As previously expected, Atlanta-based subprime credit card marketer CompuCredit Corporation (Nasdaq: CCRT) was named Tuesday in a joint FTC-FDIC probe into its marketing and debt collection tactics. Jefferson Capital Services, a wholly-owned debt collection subsidiary of the company, was also charged with violations of the Fair Debt Collection Practices Act.

The Federal Trade Commission and Federal Deposit Insurance Corporation jointly announced the action at a press conference in Washington, D.C. Tuesday afternoon. The Wall Street Journal ran an article Tuesday claiming that CompuCredit would be the card company named in the probe. The article said that the Feds could seek as much as $100 million in fines and restitution against the company.

But an FDIC spokesman told reporters Tuesday that total fines and restitution paid in the probe could reach $200 million.
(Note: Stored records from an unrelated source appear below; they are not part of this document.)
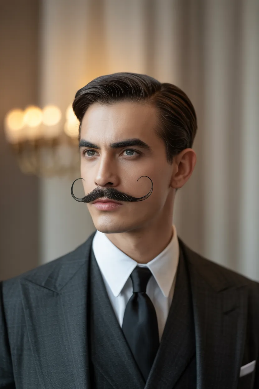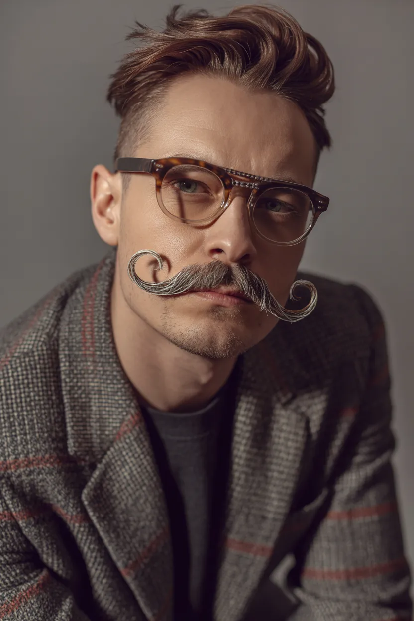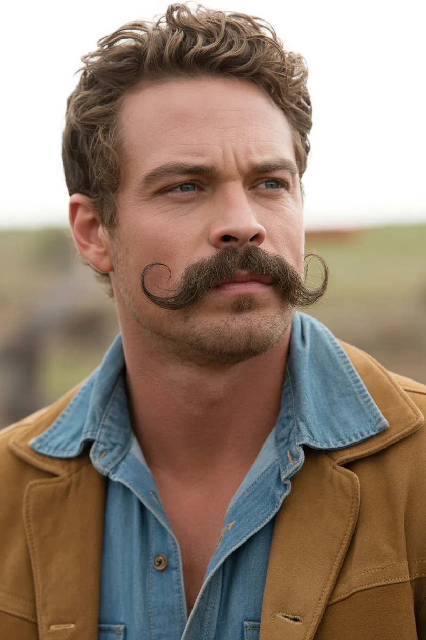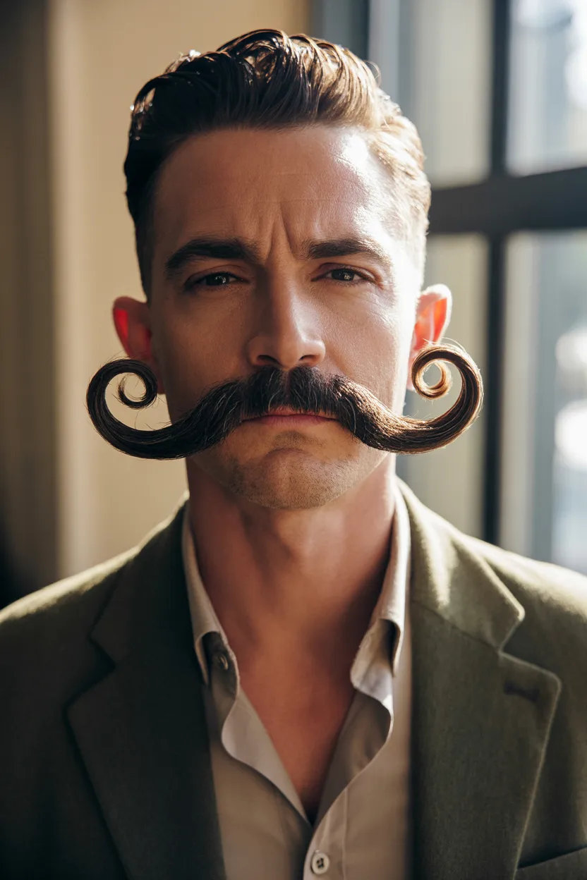 This mustache suits men who actually enjoy grooming. You need attention to detail here. You may use wax, a comb, and regular trimming to keep the ends clean and directed. But if you like polished style, that effort pays off.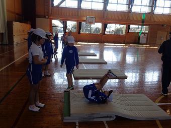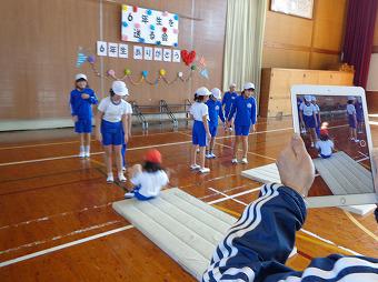 3年生が体育でマット運動を行いました。側転、後転の学習です。自分のレベルに合わせて、側転や後転を練習しました。途中、先生にIPadで自分の様子を撮ってもらい、それを見ながら、自分にはどこが足らないのかを確認して、さらに練習に励んでいました。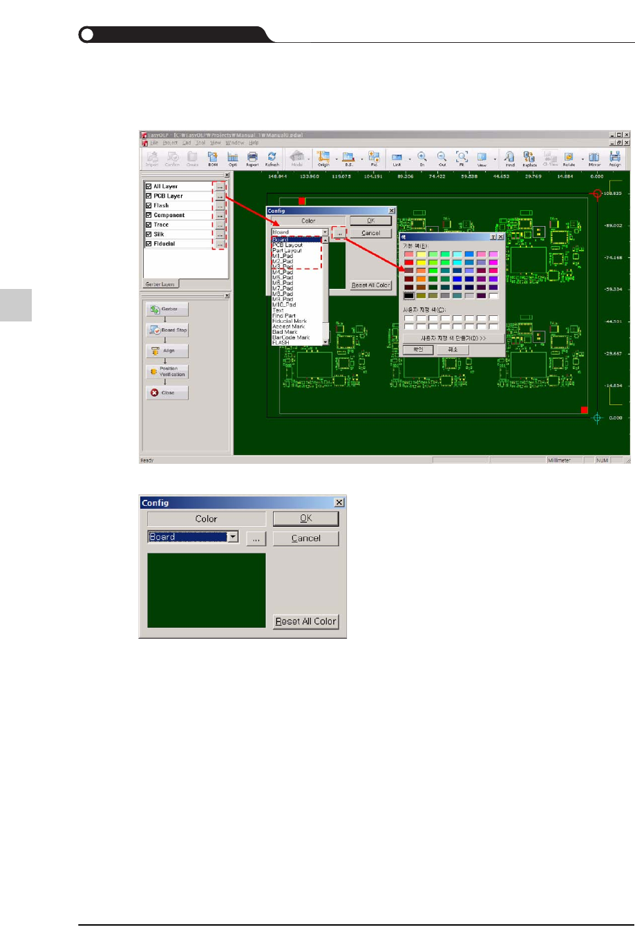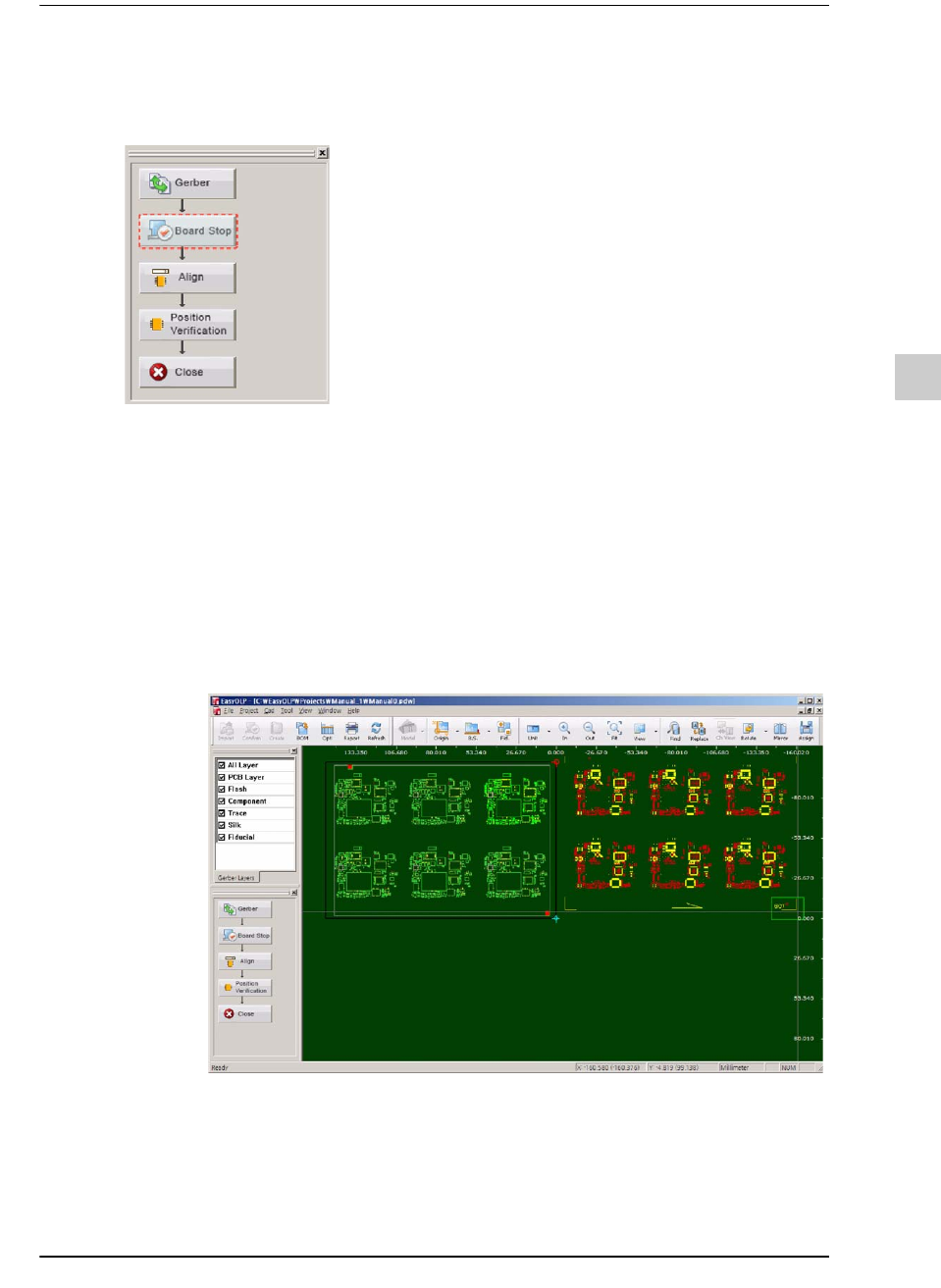 该作业可以大略地使Gerber Layer与 PCB Layer维持一致。单击Board Stop键时会出

Also named in the action were Wilmington, Del.-based First Bank of Delaware and Brookings, S.D.-based First Bank & Trust, banks that CompuCredit used to issue their subprime credit cards.

Columbus Bank & Trust, a Georgia bank that was also part of the investigation, settled with the federal agencies, agreeing to pay a $2.4 million fine and to set up a $7.5 million restitution fund.

Thomas Curry, a member of the FDIC’s board of directors, said that the lawsuit could affect "hundreds of thousands of consumers."

At issue is the manner in which CompuCredit sold its credit cards to consumers with poor or no credit history. The company would offer an unsecured card with a credit limit of $300 to subprime customers. CompuCredit would then charge the consumers fees of up to $185 without disclosing the fees, effectively dropping the available credit down as low as $115. The FTC claimed this would often lead to additional charges as customers exceeded their credit limit in the first month.

The FTC also said that CompuCredit’s collection agency, Jefferson Capital Services, violated the FDCPA by “misrepresenting a debt collection program as a credit card offer and using abusive collection tactics such as making debt collection calls to individual consumers more than 20 times per day, including before 8 a.m. and after 9 p.m., and on Sundays.”

Jefferson Capital was created by CompuCredit in 2002 and has been very active in the debt buying sector since.

CompuCredit vigorously denied the allegations and said that it was puzzled by the charges. Before the suit was formally announced, the company issued a statement on the Journal article asserting that the charges were “untrue and without merit.” After the announcement, a CompuCredit spokesman specifically addressed the matter in the media.

"We are going to vigorously oppose this," said Bill Marks. He noted that the FDIC didn’t challenge similar practices and marketing materials that CompuCredit used in 2002 when it worked as a contractor to a failed bank, Nextbank, that the FDIC took over as a receiver.

"They contacted us. They were our customer," Marks said of the FDIC. "That doesn’t make sense."

CompuCredit’s stock has rebounded slightly in early trading Wednesday, gaining 3 percent after dropping nearly 30 percent on Tuesday to a 52-week low.